Understanding the Implicit Regularization of Gradient Descent in Over-parameterized Models
Jianhao Ma, Geyu Liang, Salar Fattahi
TL;DR
The paper tackles why gradient descent tends to produce low-dimensional solutions in over-parameterized models by introducing a unified framework around an implicit region M induced by reparameterization. It shows that GD can converge to an M-SOSP within M if initialization is near M, saddles are efficiently escaped via infinitesimal perturbations, and the trajectory remains close to M, formalized through a signal–residual decomposition and a deviation-rate measure. A central contribution is Infinitesimally Perturbed Gradient Descent (IPGD), which provably achieves ε-M-SOSP convergence with poly-logarithmic perturbation costs and improved residual control, and is shown to perform near-linearly in over-parameterized matrix sensing under mild assumptions. The authors provide detailed theoretical results for IPGD, including Lipschitz conditions, region-closure, strict-saddle and regularity properties, and a comprehensive application to over-parameterized matrix sensing, supplemented by numerical experiments that extend to low-rank recovery and sparse recovery.

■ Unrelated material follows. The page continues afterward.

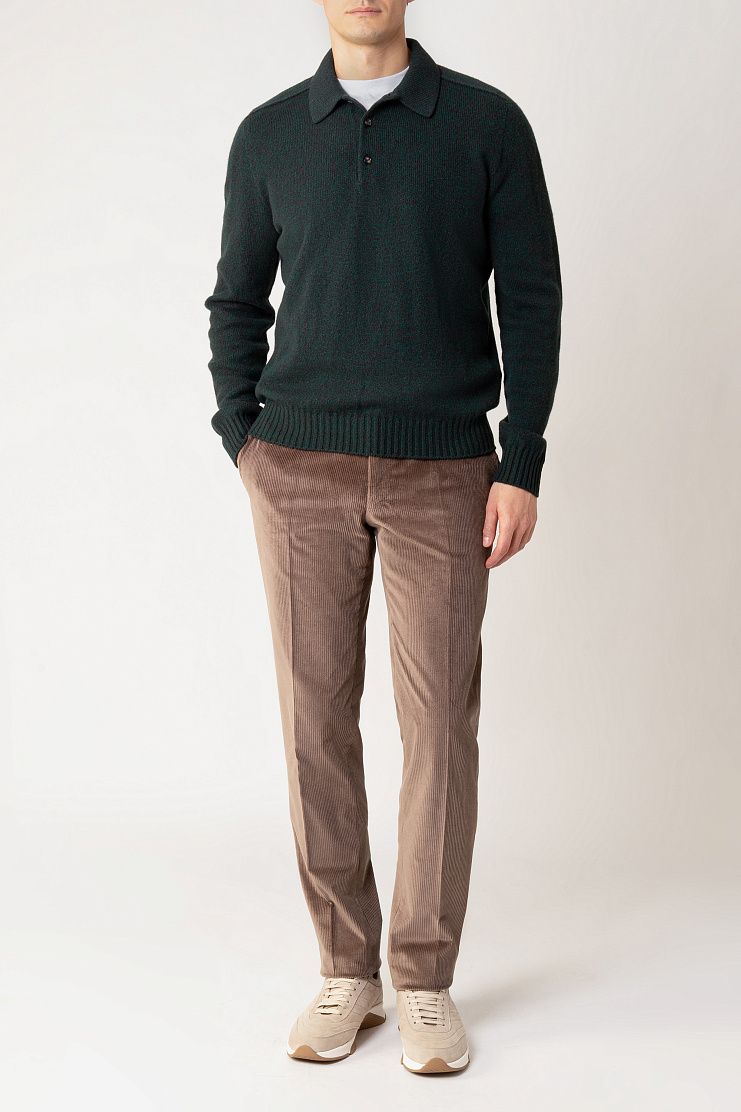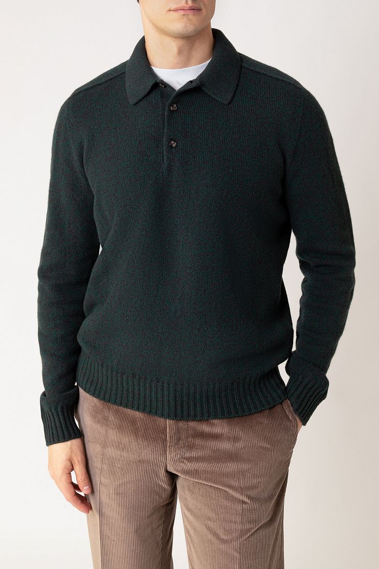 Джемпер выполнен из теплой и мягкой овечьей шерсти. Модель классического кроя дополнена воротником-поло с планкой на роговых пуговицах и ребристой отделкой на манжетах и по низу. Вещь отлично впишется в повседневный образ с брюками и кроссовками.
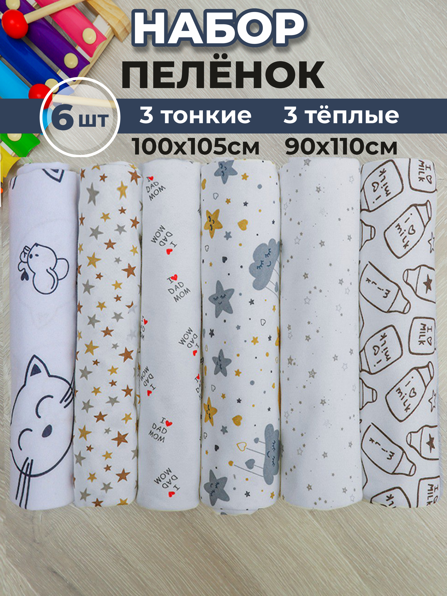 Набор пеленок для новорожденных Махутошка 6 штук футер/кулирка интересное:

The work offers practical insights into implicit regularization and suggests broad applicability across nonconvex, over-parameterized learning problems with potential extensions to stochastic and nonsmooth settings.
Abstract
Implicit regularization refers to the tendency of local search algorithms to converge to low-dimensional solutions, even when such structures are not explicitly enforced. Despite its ubiquity, the mechanism underlying this behavior remains poorly understood, particularly in over-parameterized settings. We analyze gradient descent dynamics and identify three conditions under which it converges to second-order stationary points within an implicit low-dimensional region: (i) suitable initialization, (ii) efficient escape from saddle points, and (iii) sustained proximity to the region. We show that these can be achieved through infinitesimal perturbations and a small deviation rate. Building on this, we introduce Infinitesimally Perturbed Gradient Descent (IPGD), which satisfies these conditions under mild assumptions. We provide theoretical guarantees for IPGD in over-parameterized matrix sensing and empirical evidence of its broader applicability.